The task – The answer must reproduce all of the data below exactly and contain no images.
'''
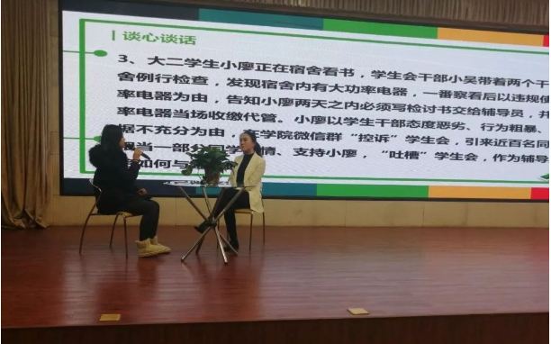 接着进行“案例分析”环节,各位选手通过具体案例展示在遇到学生与老师或学校产生矛盾时处理问题的方式。8号马丽老师在针对领导莅临学校检查时要求学生高标准打扫宿舍遭到学生质问的行为进行分析,并向这位同学进行思想教育,让这位同学认识到自己做法的不妥之处。最后进行理论宣讲,各位辅导员系统的为大家讲述理论概念,展示出自己丰富的理论知识储备。
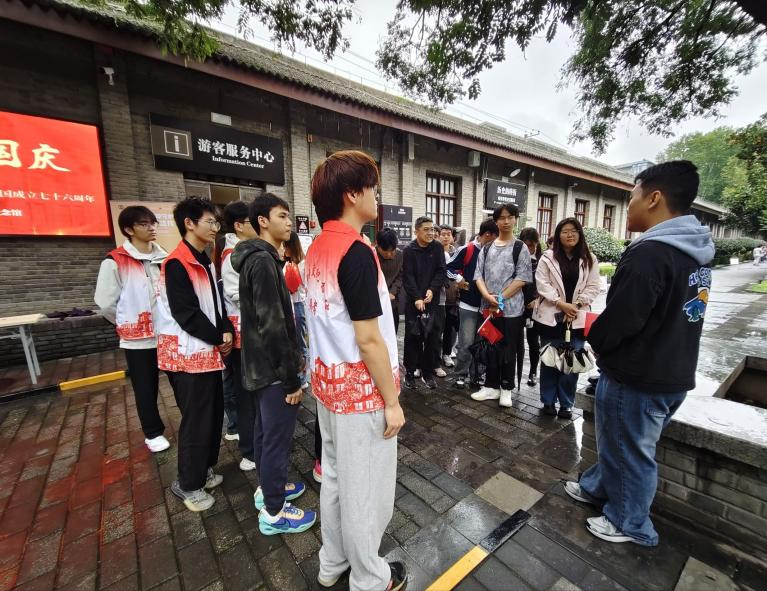 在此次团日活动中,部分团员化身“红色志愿者”,在游客服务中心及馆内核心区域开展服务。他们主动引导游客寻找与历史展品的最佳合影角度,帮助游客留存红色记忆;在国旗领取处,他们耐心指导游客扫码操作,确保每位参观者都能领到一面国旗,让红色氛围浸润全场;同时,志愿者们还细致整理馆内宣传资料,方便游客取阅,主动调整休息区座椅间距,营造整洁舒适的等候环境;针对馆内互动活动,他们有序为参与游客分发纪念徽章、历史知识书签等小奖品,鼓励大家深入体验红色文化。“从‘看历史’到‘传历史’,志愿工作让我真切感受到传递红色精神的价值。”参与服务的公路学院2023级许轶楠同学面对陕西广播电视台记者采访时说道。
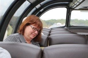 Our accommodations onboard were two single berths across the aisle from each other. (That’s me below in my cabin in a picture taken by Holly in her cabin.) We would have preferred one two-person cabin, but VIA offered a two-for-one sale on single cabins, saving us over $2,000 so the decision to take two singles wasn’t hard. And honestly, we were very happy with the single cabins. Mostly, except for sleeping, your time onboard is spent in the club car, usually upstairs in the dome where there are 360 degree views of the scenery, or in the dining car for meals. (Below are two pictures of Holly in the dome of the club car.)
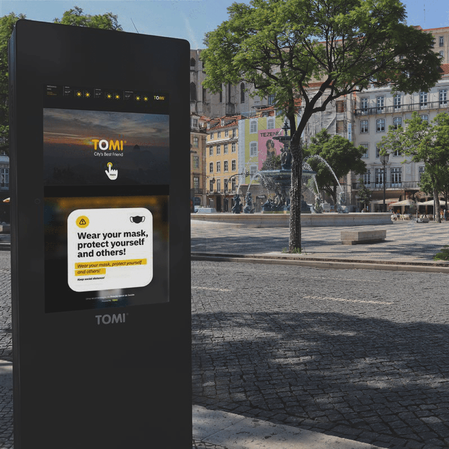 У рекламно-інформаційних терміналах TOMI з’явилася функція, яка виявляє і підраховує кількість перехожих, на яких надіта (або не надіта) індивідуальна захисна маска. Визначенням і підрахунком займається модуль комп’ютерного зору й алгоритм штучного інтелекту. Система працює з деперсоналізованими даними та не порушує законодавство про захист особистої інформації.
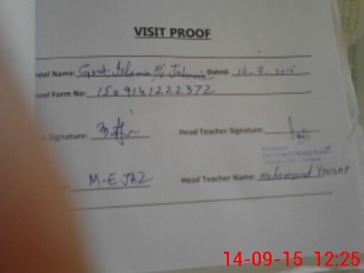 | Attendance Register | Head Teacher | MEA with School | Visit Proof |
'''
Result below –
 接着进行“案例分析”环节,各位选手通过具体案例展示在遇到学生与老师或学校产生矛盾时处理问题的方式。8号马丽老师在针对领导莅临学校检查时要求学生高标准打扫宿舍遭到学生质问的行为进行分析,并向这位同学进行思想教育,让这位同学认识到自己做法的不妥之处。最后进行理论宣讲,各位辅导员系统的为大家讲述理论概念,展示出自己丰富的理论知识储备。
 在此次团日活动中,部分团员化身“红色志愿者”,在游客服务中心及馆内核心区域开展服务。他们主动引导游客寻找与历史展品的最佳合影角度,帮助游客留存红色记忆;在国旗领取处,他们耐心指导游客扫码操作,确保每位参观者都能领到一面国旗,让红色氛围浸润全场;同时,志愿者们还细致整理馆内宣传资料,方便游客取阅,主动调整休息区座椅间距,营造整洁舒适的等候环境;针对馆内互动活动,他们有序为参与游客分发纪念徽章、历史知识书签等小奖品,鼓励大家深入体验红色文化。“从‘看历史’到‘传历史’,志愿工作让我真切感受到传递红色精神的价值。”参与服务的公路学院2023级许轶楠同学面对陕西广播电视台记者采访时说道。
 Our accommodations onboard were two single berths across the aisle from each other. (That’s me below in my cabin in a picture taken by Holly in her cabin.) We would have preferred one two-person cabin, but VIA offered a two-for-one sale on single cabins, saving us over $2,000 so the decision to take two singles wasn’t hard. And honestly, we were very happy with the single cabins. Mostly, except for sleeping, your time onboard is spent in the club car, usually upstairs in the dome where there are 360 degree views of the scenery, or in the dining car for meals. (Below are two pictures of Holly in the dome of the club car.)
 У рекламно-інформаційних терміналах TOMI з’явилася функція, яка виявляє і підраховує кількість перехожих, на яких надіта (або не надіта) індивідуальна захисна маска. Визначенням і підрахунком займається модуль комп’ютерного зору й алгоритм штучного інтелекту. Система працює з деперсоналізованими даними та не порушує законодавство про захист особистої інформації.
 | Attendance Register | Head Teacher | MEA with School | Visit Proof |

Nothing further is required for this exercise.